(EXERCISE INPUTS):
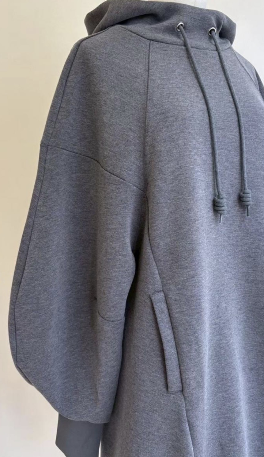 ふんわりボリュームのあるお袖とヒップまで隠れるチュニック丈で気になるラインもカバー。
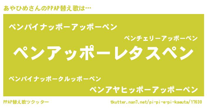 | 男性向けラノベタイトル風あだ名 | 『Re:あやひめから始める異世界生活』 |
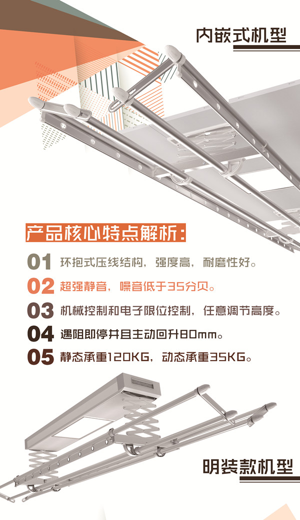 遙控自由升降,滿足不同身高,不同的需求,簡(jiǎn)單的操作系統(tǒng),即便你的父母不識(shí)字,也可輕松操作!讓冬衣的晾曬毫不費(fèi)力!
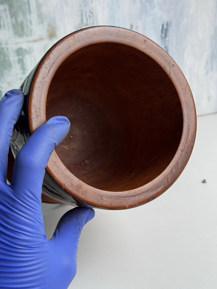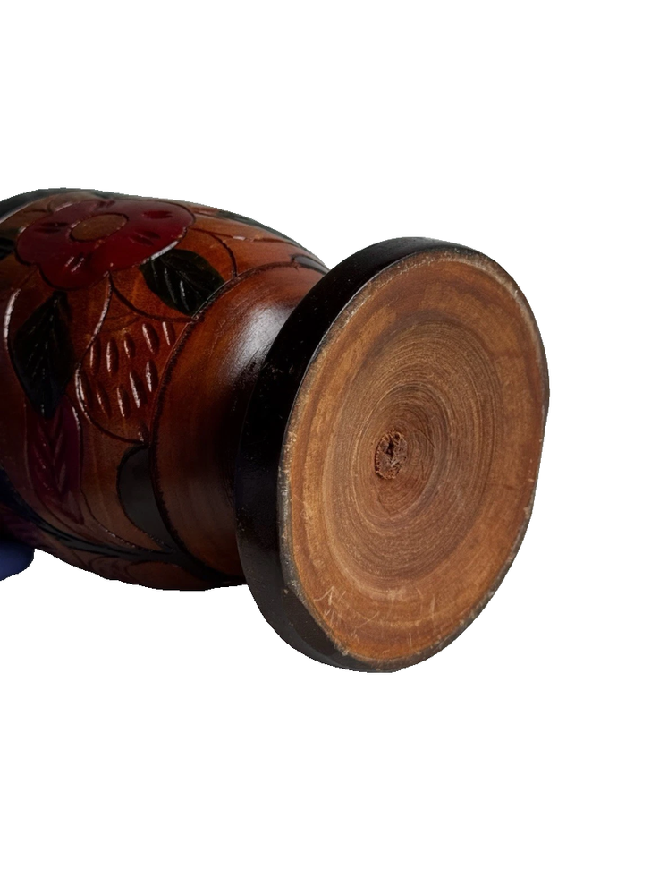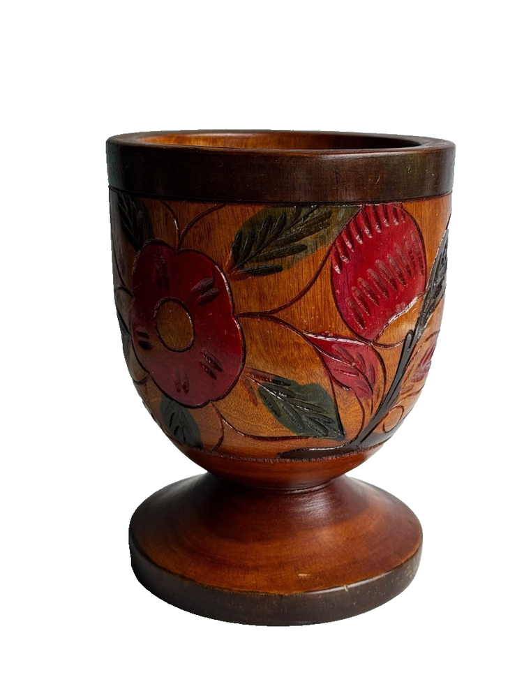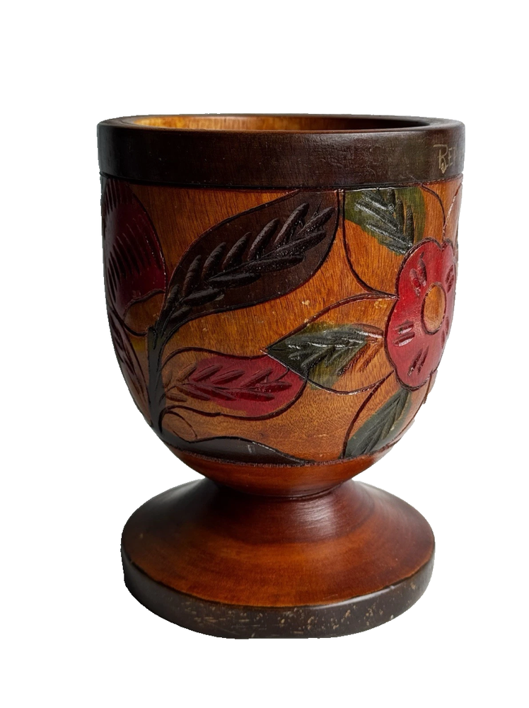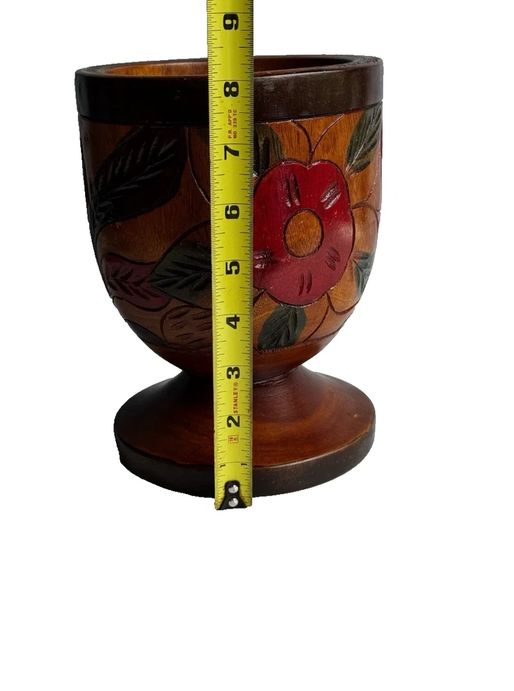 This vintage hand-turned wooden footed pedestal bowl cup is a unique and rustic piece of dinnerware. Standing at 8 inches tall with a 3.25-inch bowl diameter, this one-piece item is perfect for all occasions. The round shape and brown color give it a primitive and charming look, while the hand-carved design adds to its authenticity. Crafted from wood, this footed pedestal bowl is not only functional but also a collectible item that will add character to any kitchen or dining table.aa31
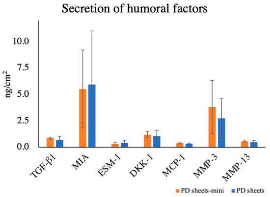 Amounts of secreted humoral factors. The amounts of transforming growth factor beta-1 (TGF-β1), melanoma inhibitory activity (MIA), endothelial cell-specific marker 1 (ESM-1), Dickkopf-1 protein (DKK-1), monocyte chemoattractant protein 1 (MCP-1), matrix metalloproteinase (MMP)-3, and MMP-13, humoral factors related to cartilage, did not differ significantly between PD sheets-mini and PD sheets.
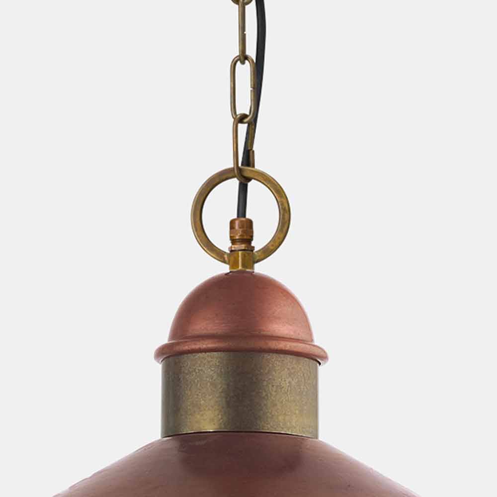 Lámpara colgante vintage en latón y cobre antiguo con cadena, made in Italy.
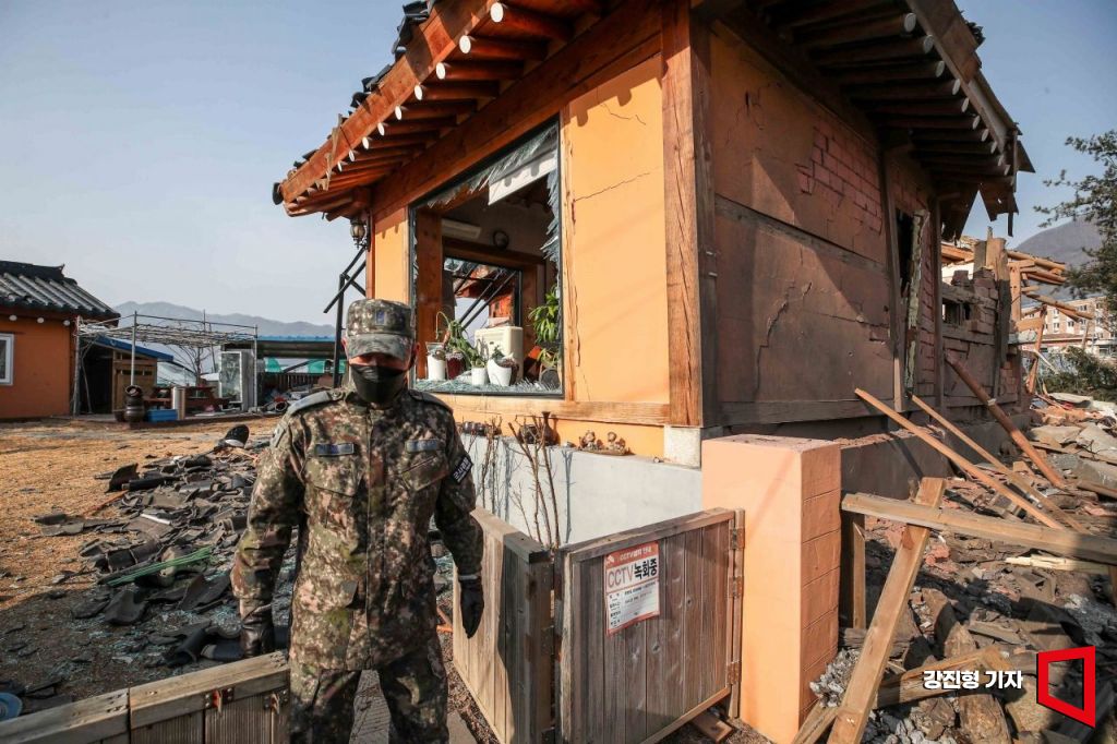 포천 승진훈련장에서 열린 한미연합훈련 중 포탄이 민가에 떨어져 인명 피해가 발생한 가운데 7일 경기 포천 이동면 노곡리 민가가 오인 폭격으로 파손돼 있다.
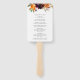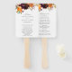 Éventail de mariage bohème rustique avec un bouquet floral peint à l'aquarelle dans des tons chauds et terreux d'orange brûlé, de terre cuite et de bordeaux profond, accompagné de verdure. Ce programme élégant aux riches tons d'automne est idéal pour un mariage d'automne.
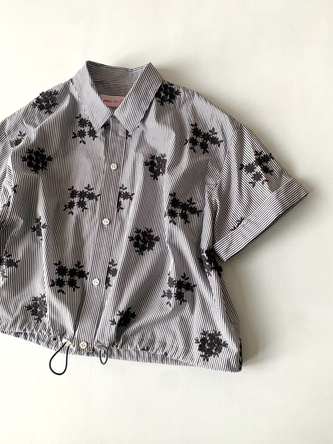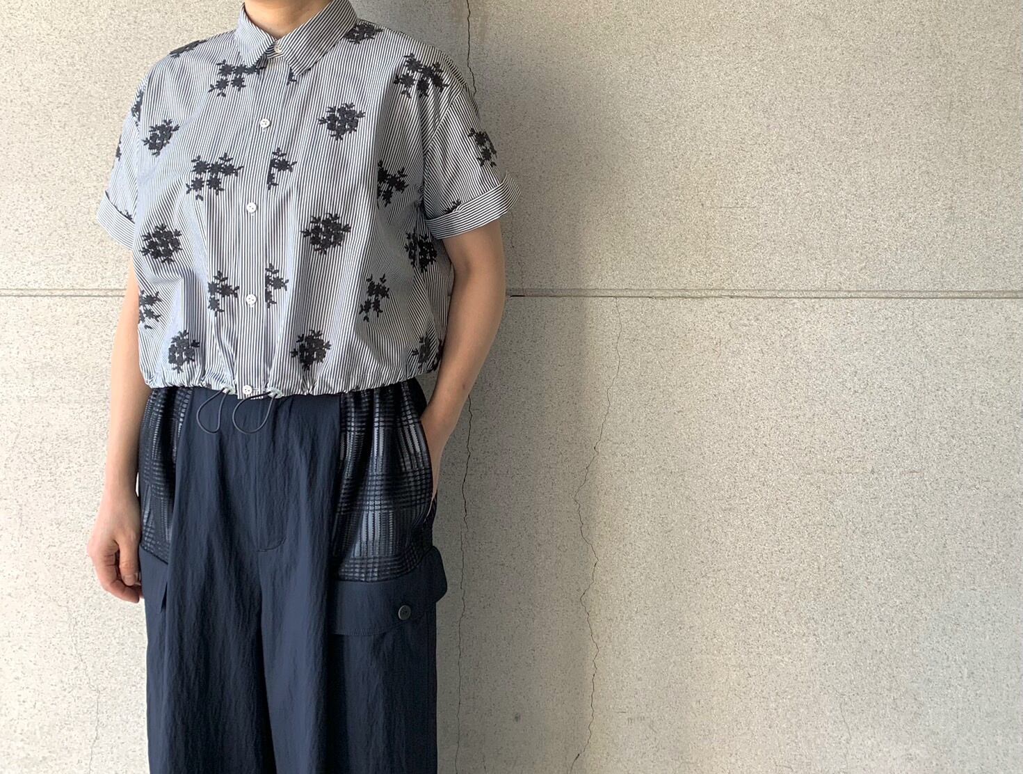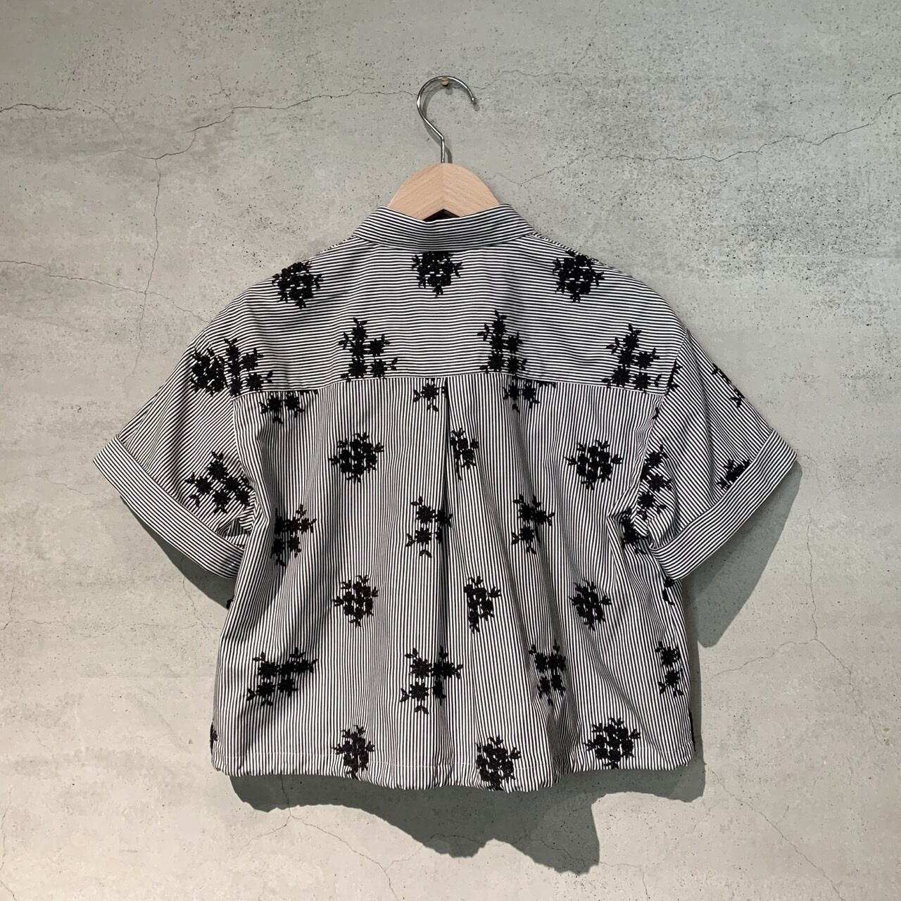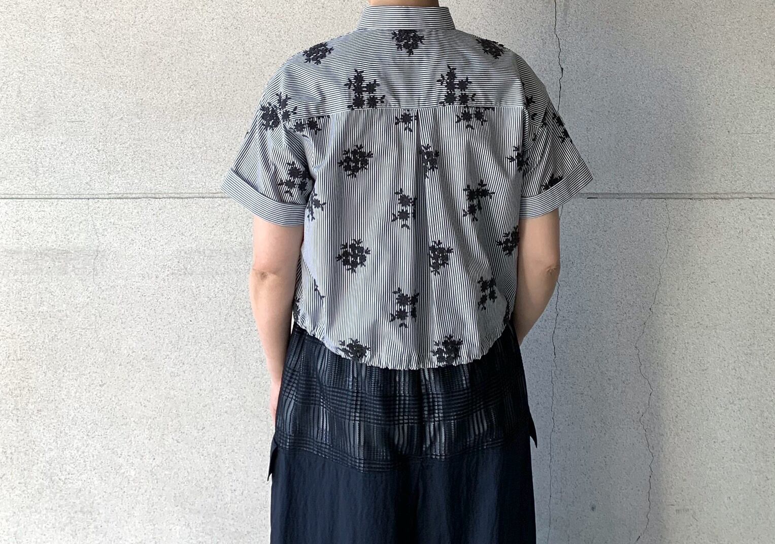 細幅のストライプシャツ地に、立体的なフラワー刺繍を施したシリーズ。
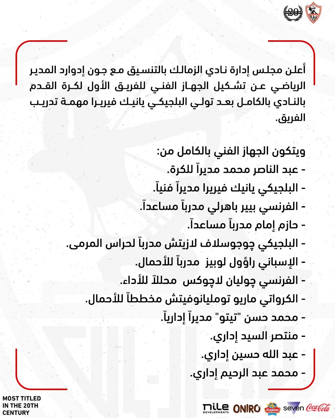 كشف نادي الزمالك بشكل رسمي عن تشكيل الجهاز الفني والإداري لفريق كرة القدم، وذلك بقيادة المدرب البلجيكي يانيك فيريرا، الذي وقع عقد لمدة موسم واحد فقط، وذلك بالتعاون مع جون إدوارد المدير الرياضي، وفيما يلي تشكيل الجهاز الفني للفريق بالكامل:
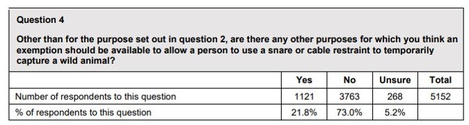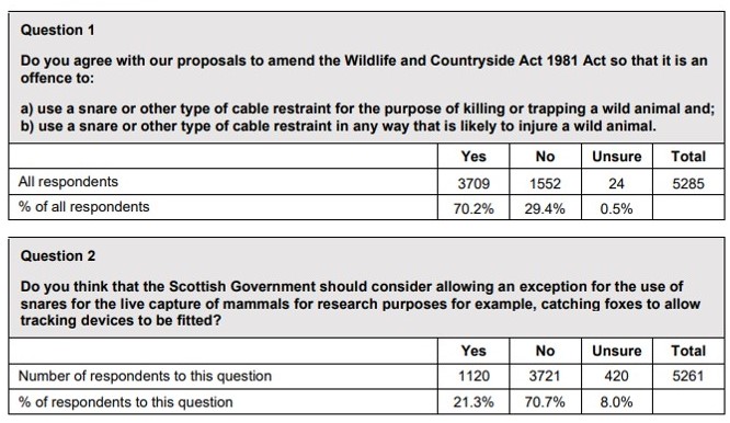 Given the preliminary analysis of the responses made to the Scottish Government’s recent public consultation on the use of snares, it is also very clear that the public supports a ban on the use of all snares and does not support any exceptions to the ban:
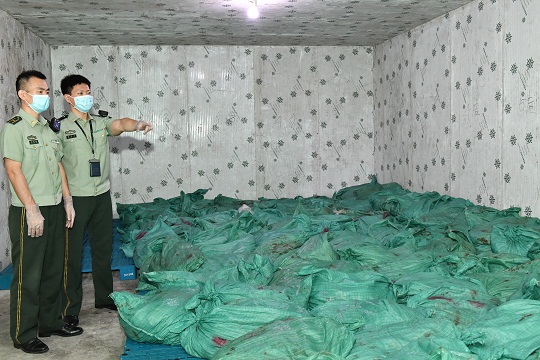 今年以來,海南檳榔種植業(yè)大幅減產(chǎn),鮮檳榔果價(jià)格持續(xù)飆升。該團(tuán)伙為牟取暴利,通過利用快艇海上轉(zhuǎn)運(yùn)和貨車夾藏?cái)y運(yùn)的方式將境外鮮檳榔果從海、陸兩個(gè)方向轉(zhuǎn)運(yùn)入瓊。近日,經(jīng)過分析研究和偵查,海南海警局執(zhí)法人員在全面摸清犯罪鏈條且抓捕時(shí)機(jī)成熟后,聯(lián)合海南省公安廳、海口海關(guān)緝私局、湛江市公安局、昆明海關(guān)緝私局等部門在瓊、粵、桂、滇四省統(tǒng)一開展收網(wǎng)行動(dòng)。各部門周密配合、協(xié)同作戰(zhàn)、海陸聯(lián)動(dòng),一舉斬?cái)嗔?個(gè)鮮檳榔果走私鏈條,查證涉案走私新鮮檳榔果360余噸。此案為海南海警局成立以來經(jīng)辦涉案走私鮮檳榔數(shù)量最大的一宗案件。

(YOUR ASSIGNMENT):
Would you restate word for word each line from the one that holds "كشف نادي الزمالك" to the end of the material, both ends included, without the pictures?

(RESPONSE FOR THIS EXERCISE):
 كشف نادي الزمالك بشكل رسمي عن تشكيل الجهاز الفني والإداري لفريق كرة القدم، وذلك بقيادة المدرب البلجيكي يانيك فيريرا، الذي وقع عقد لمدة موسم واحد فقط، وذلك بالتعاون مع جون إدوارد المدير الرياضي، وفيما يلي تشكيل الجهاز الفني للفريق بالكامل:
 Given the preliminary analysis of the responses made to the Scottish Government’s recent public consultation on the use of snares, it is also very clear that the public supports a ban on the use of all snares and does not support any exceptions to the ban:
 今年以來,海南檳榔種植業(yè)大幅減產(chǎn),鮮檳榔果價(jià)格持續(xù)飆升。該團(tuán)伙為牟取暴利,通過利用快艇海上轉(zhuǎn)運(yùn)和貨車夾藏?cái)y運(yùn)的方式將境外鮮檳榔果從海、陸兩個(gè)方向轉(zhuǎn)運(yùn)入瓊。近日,經(jīng)過分析研究和偵查,海南海警局執(zhí)法人員在全面摸清犯罪鏈條且抓捕時(shí)機(jī)成熟后,聯(lián)合海南省公安廳、海口海關(guān)緝私局、湛江市公安局、昆明海關(guān)緝私局等部門在瓊、粵、桂、滇四省統(tǒng)一開展收網(wǎng)行動(dòng)。各部門周密配合、協(xié)同作戰(zhàn)、海陸聯(lián)動(dòng),一舉斬?cái)嗔?個(gè)鮮檳榔果走私鏈條,查證涉案走私新鮮檳榔果360余噸。此案為海南海警局成立以來經(jīng)辦涉案走私鮮檳榔數(shù)量最大的一宗案件。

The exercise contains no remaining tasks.